AIM OF THE TASK:
Starting at the line containing "にわとりの色合いもかわいく、繊細なニットの網目のような刺繍。" and ending at the line containing "2018 Linde H20D-02/600 Vorkheftruck", transcribe the listing below exactly. Keep both end lines, skip the pictures, and copy nothing else.

TASK DATA:
[Start of section]

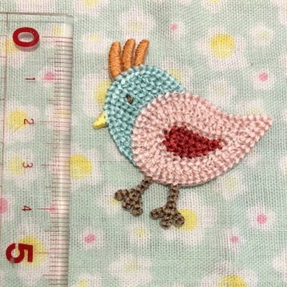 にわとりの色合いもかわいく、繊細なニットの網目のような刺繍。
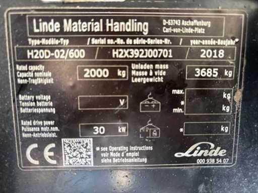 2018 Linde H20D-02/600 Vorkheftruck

[End of section]
[Start of section]

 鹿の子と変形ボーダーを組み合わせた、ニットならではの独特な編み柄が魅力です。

[End of section]

SOLVED EXERCISE:
 にわとりの色合いもかわいく、繊細なニットの網目のような刺繍。
 2018 Linde H20D-02/600 Vorkheftruck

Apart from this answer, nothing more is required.